Ka-ching..!!! (Coin rain)


----------



## Mikro93 (Dec 17, 2018)

That damn vinyl scratch sound. Please, no more.


----------



## Eckoes (Dec 17, 2018)

I had to look up the “Wilhelm Scream”

I have never worked in film so I had no idea what it was. What a revelation!

I’m sure I’ll start hearing it all over the place now


----------



## Loïc D (Dec 17, 2018)

Computer chirps & blips everytime a guy uses a computer on screen.

I mean, if my machines would beep this way, I’d toss them by the window instantly.


----------



## reddognoyz (Dec 17, 2018)

that same damn hawk sample whenever you see a forlorn desert/western vista

I would wish to continue the wilhelm scream for ever


----------



## Parsifal666 (Dec 17, 2018)

Not sure it's an effect, but that "frozen" minimalism thing that was apparently popularized by Arnauld (and which I believe is part of the inspiration for Albion V, which helps ensure I never own that library).

I like stretched out minimalism better in Doom metal, to be perfectly honest.

And the braaaam just won't die. A couple years after Inception it should have died.


----------



## studiostuff (Dec 17, 2018)

I love the Wilhelm Scream...! It says to me the guys in post just don't give a shit anymore.


----------



## Mikro93 (Dec 17, 2018)

LowweeK said:


> Computer chirps & blips everytime a guy uses a computer on screen.
> 
> I mean, if my machines would beep this way, I’d toss them by the window instantly.


Same goes for iPhones and stuff. Can you imagine this in an Apple commercial? Like, a guy takes his iPhone 100S out of his pocket and texts his girlfriend, and it sounds like Star Trek's Enterprise from the 70s?


----------



## Reid Rosefelt (Dec 17, 2018)

From Wikipedia:

The Wilhelm scream originates from a series of sound effects recorded for the 1951 movie Distant Drums. In a scene from the film, soldiers are wading through a swamp in the Everglades, and one of them is bitten and dragged underwater by an alligator. The scream for that scene was recorded later in a single take, along with five other short, pained screams, which were labelled "man getting bit by an alligator, and he screamed." The fifth scream was used for the soldier in the alligator scene—but the fourth, fifth, and sixth screams recorded in the session were also used earlier in the film—when three Native Americans are shot during a raid on a fort.
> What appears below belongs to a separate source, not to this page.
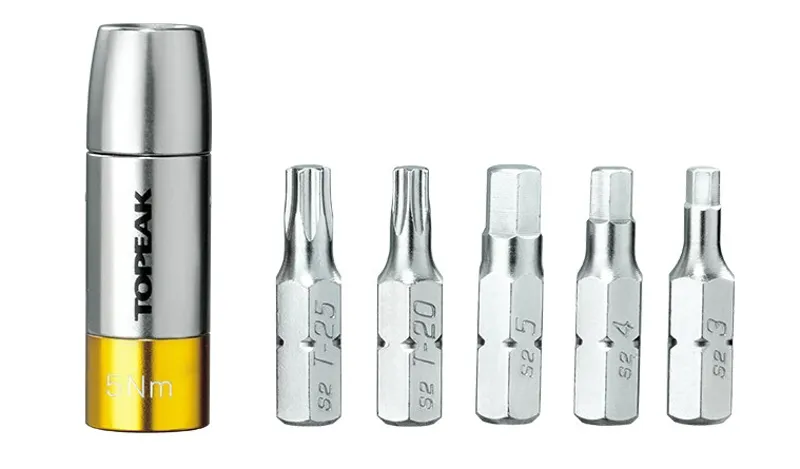This preset torque socket (4Nm/5Nm/6Nm) kit will work with any mini tool containing a 5mm Allen wrench (or single 5mm Allen wrench) to apply correct torque values on component bolts for safety and to prevent damage to expensive carbon parts. A carry case neatly stores one preset 4 Nm (5Nm or 6Nm) and the 5 most popular tool bits (3/4/5mm hex & T20/T25 Torx).

Although takes 4, 5, and 6 are the most recognizable, all the screams are referred to as "Wilhelm" by those in the sound community.

The Wilhelm scream's major breakout in popular culture came from motion picture sound designer Ben Burtt, who discovered the original recording (which he found as a studio reel labeled "Man being eaten by alligator") and incorporated it into a scene in Star Wars in which Luke Skywalker shoots a Stormtrooper off of a ledge, with the effect being used as the Stormtrooper is falling. Burtt is credited with naming the scream after Private Wilhelm (see The Charge at Feather River). Over the next decade, Burtt began incorporating the effect in other films on which he worked, including most projects involving George Lucas or Steven Spielberg, notably the rest of the subsequent Star Wars films, as well as the Indiana Jones movies. 

In February 2018 it was announced Star Wars will no longer use the Wilhelm scream, with Rogue One: A Star Wars Story (2016) being the last known film to use it. Other sound designers picked up on the effect, and inclusion of the sound in films became a tradition among the community of sound designers. In what is perhaps an in-joke within an in-joke, one of the scenes from Indiana Jones and the Temple of Doom actually features a man being eaten by a crocodile (closely related to the alligator) accompanied by the scream.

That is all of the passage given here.